Olá pessoal. Gostei bastante do texto, das discussões e gostaria de ouvi-los quanto ao trecho que cita o consumo de relações como uma das modalidades de um determinado modo de reprodução da vida. Sou gay, estou num relacionamento monogâmico em função do desejo do meu parceiro, no entanto não teria problema em abrir a relação para o amor livre – com todos os intermináveis processos de negociação e renegociação que isso comporta. Fiquei curioso em discutir isso: a possibilidade de relações fugazes, sem isso ser sinônimo de uma dimensão particular que expressa uma dominação econômica ou questão de gênero. Entre homens gays a “pegação” pode ter infinitas conotações / sentidos / significados, dentre eles a possibilidade de romper com dimensões da heterossexualidade compulsória ou da heteronormatividade. Historicamente as formas de se relacionar na intimidade (sexual ou afetivamente) são plurais e gostaria de entender a ligação entre permanente e provisório com a legitimidade ou a normalização do laço afetivo como única possibilidade de entender relações fugazes como não desejáveis. Por favor, se alguém puder trazer novas perspectivas, adoraria ter acesso a elas. Abraços a tod@s!
Vou comentar antes pra deixar registrado:
vou ler o texto agora e estou com medo: tema bem polêmico.
Muito bom o texto, corajoso.
Do que eu vi, ouvi e cheguei a conhecer, os relacionamentos abertos sempre foram problemáticos no meio libertário.
EROS AGAPITO
Necessário: não-ser é impossível.
Impossível: não-ser é necessário.
O acaso (diferença, alteridade etc.), clinâmen no entremeio [(beAMONGtween(?!)] do não-ser, cria a terceira margem dum rio cujo nome é Tempo.
Acho tão engraçado que vem falar de amor livre e cita Maria de Lacerda Moura como referência para tentar justificar essas relações “modernas”. Esquecem que Maria de Lacerda (a quem admiro muito e sempre leio seus textos) nasceu e foi criada no interior de Minas Gerais no início do século passado.

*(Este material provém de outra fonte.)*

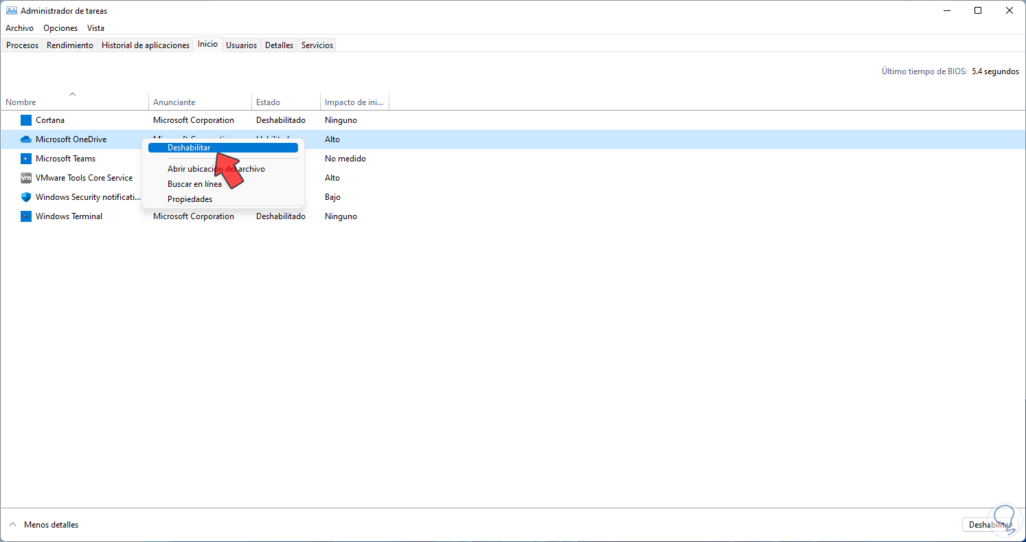 Damos clic derecho sobre la aplicación deseada y seleccionamos "Deshabilitar":

Mais conservador impossível. Lacerda reivindicava a liberdade da mulher amar quem ela quisesse (lembrando que naquela época mulheres eram obrigadas a casar jovens, na maioria das vezes sem estudo, e “amar um único homem pro resto da vida). Chega a ser desonesto citar pensadora tão brilhante de forma tão distorcida. Concordo com quem disse: “uma guinada de 360 graus: a grande inovação da construção de relacionamentos iguais aos monogâmicos, mas com a participação de 3 pessoas ou mais”. Tenho debatido essa temática com meu companheiro que insiste em me provar que é o melhor caminho. Em todos os seus argumentos só vejo individualismos berrantes e machismos inconscientes. Não caio nessa… respeito quem tenta, mas não tem nada de novo, a não ser mais sexo com mais pessoas, ou relações superficiais. Mas sério… mais cuidado ao usar Maria de Lacerda Moura nessas análises. Continuei a leitura, só por desencargo de consciência, pois pra mim, uma premissa comprometida, compromete todo o resto. Só minha percepção mesmo.. abraços a todos
Consigo entender as palavras do grupo em direção à Camila. Percebo uma enervação nos participantes ao citar as manifestações ou livres opiniões da Camila sobre o pensamento dos integrantes dessa discussão.O tema do amor e do amor livre é polêmico,mas nesse caso devería ser manifestação e conhecimento.Analisar é algo que acontece.
Conhecer é melhor. Saber o que paira nos relacionamentos é interessante e é matéria educacional.O amor ideal é o que está fora de propósito e inalcançavel, seja ele homo ou hetero, monogamico,poli, dual.tete a tete, um homem e uma mulher, sacanas ou legais.Sí, Só. Participando Agora, Já.
Muito feliz em saber que há tanta mais pessoas interessadas nessa discussão, texto muito bom, comentários igualmente aproveitáveis. Obrigado a todos por nos ajudarem a pensar!